When a door closes, a window opens. The only problem is I have a few windows open, and the door never really closed. Granted, there are screens in the windows that I need to punch out. Difficult life-changing decisions. Ugh...
I talked to my boss today. And he truly is a nice guy. Sure, we had a rough start in the beginning. But what can you expect from a crazy, headstrong college student? I'm just glad he puts up with me and is willing to help me with the research. But anyways, come to find out, I will have funding for my Master's Degree if I so choose to continue with my Master's Degree. So, that option is still open to me.
I feel a little bit better about it all now. I thought I didn't have funding and that I was just a poor excuse of a bio-engineer. Well, I'm happy to say that my department doesn't think that way about me. And I guess I shouldn't think that way about myself either.

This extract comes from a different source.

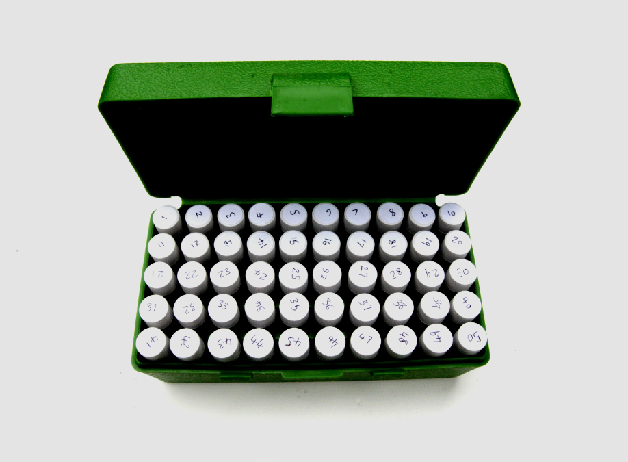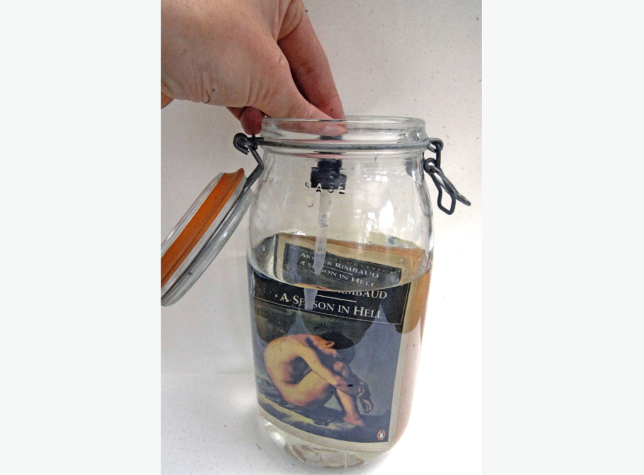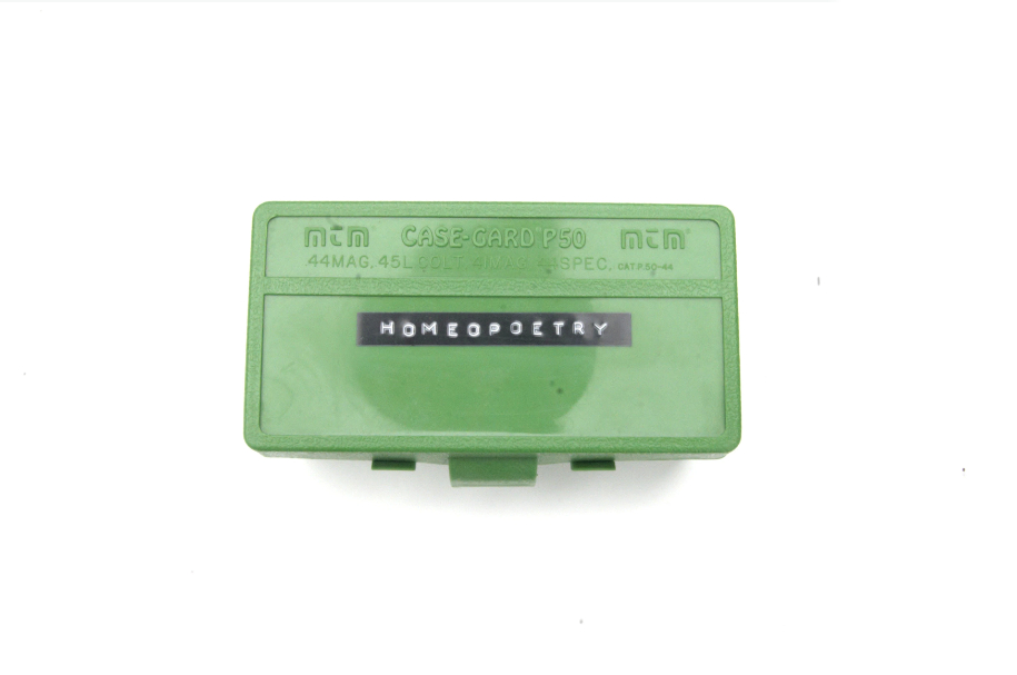 Green plastic case housing 50 vials containing sugar pills and the essence of 50 books.
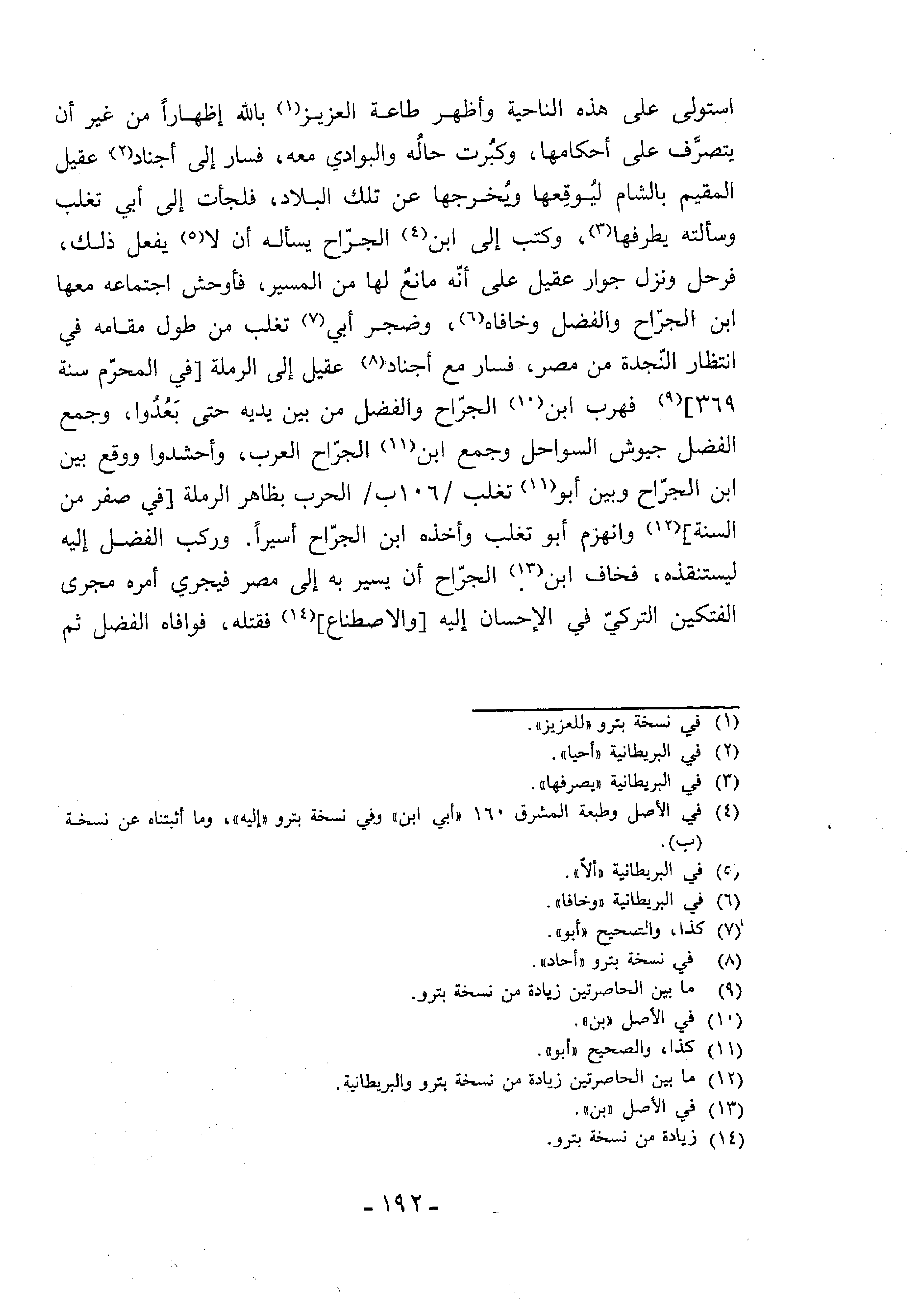 فسار مع أجناد (¬8) عقيل إلى الرملة [في المحرّم سنة 369] (¬9) فهرب ابن (¬10) الجرّاح والفضل من بين يديه حتى بعدوا، وجمع الفضل جيوش السواحل وجمع ابن (10) الجرّاح العرب، وأحشدوا ووقع بين ابن الجرّاح وبين أبو (¬11) تغلب/106 ب/الحرب بظاهر الرملة [في صفر من السنة] (¬12)

Anyways, now I don't know what to do. The idea of not being dirt-broke is so appealing. And I know I could go back and get my Master's Degree whenever I want and have the company pay for it. I don't know what to do. The idea of finally owning a house is very appealing to me.

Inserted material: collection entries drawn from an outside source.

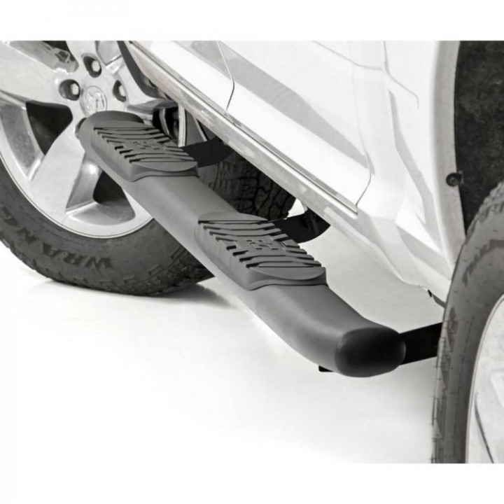 Acceda más fácilmente a su cabina gracias al aspecto clásico OEM de estos estribos ovalados Nerf de Rough Country.
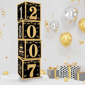 2025黑金生日周岁气球盒子18岁50岁气球盒子套装派对氛围墙装饰品
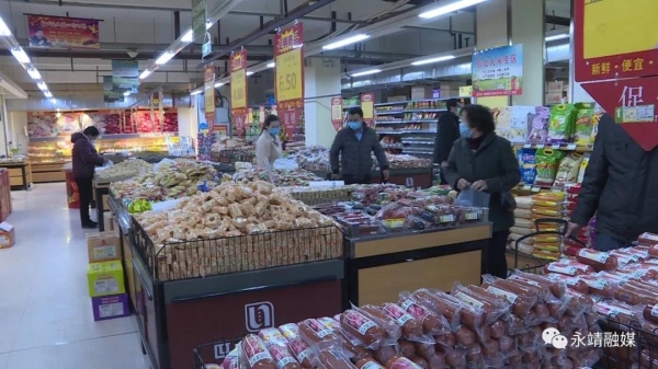 永靖县市场监管局干部 赵和梅:“自腊月28日起,对大型超市和经营门店开展执法检查,对详细掌握了解疫情防控措施的落实情况,蔬菜、米、面、油等食品的安全问题供应情况,确保食品供应充足,物价稳定。”(记者:褚宗仁 黄绍伟)
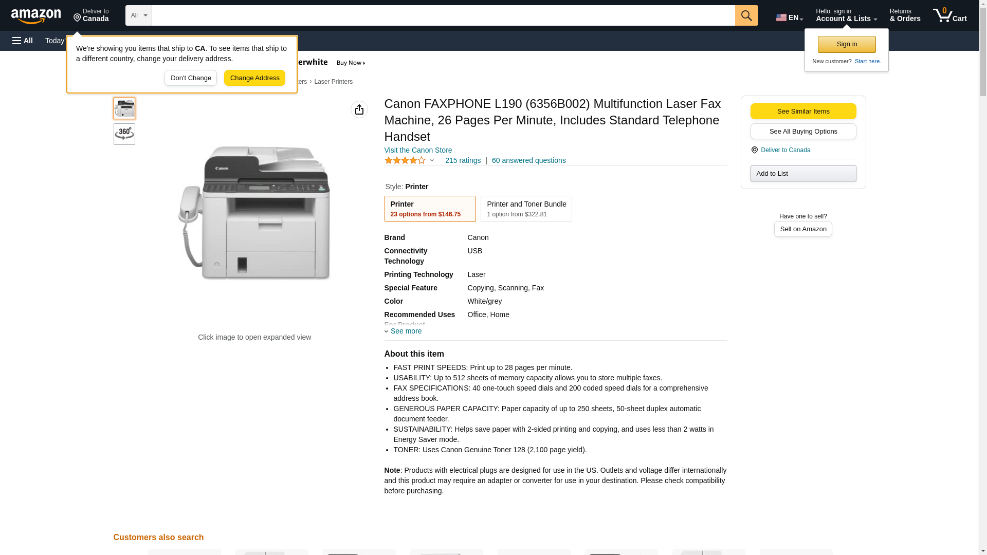 Canon Lasers FAXPHONE L190 Wireless Monochrome Printer with Copier and Fax

I guess I could hope to get the best of both worlds. One of the jobs I'm applying for is in Logan. If I got that job, I could still continue with my Master's Degree at Utah State. Granted, I'd be super-super busy and slower at getting my degree. But I wouldn't be poor. I'd be able to go to fancy restaurants with my husband, and we'd be able to have mini-vacations.
Cross your fingers for me. Or pray. Or think happy thoughts for me. I know I'll be praying, crossing my fingers, and definitely thinking happy thoughts as I go through these interviews. I know I'm an amazing person and worker. The only problem is I also know my shortfalls and tend to think a little too heavily on those.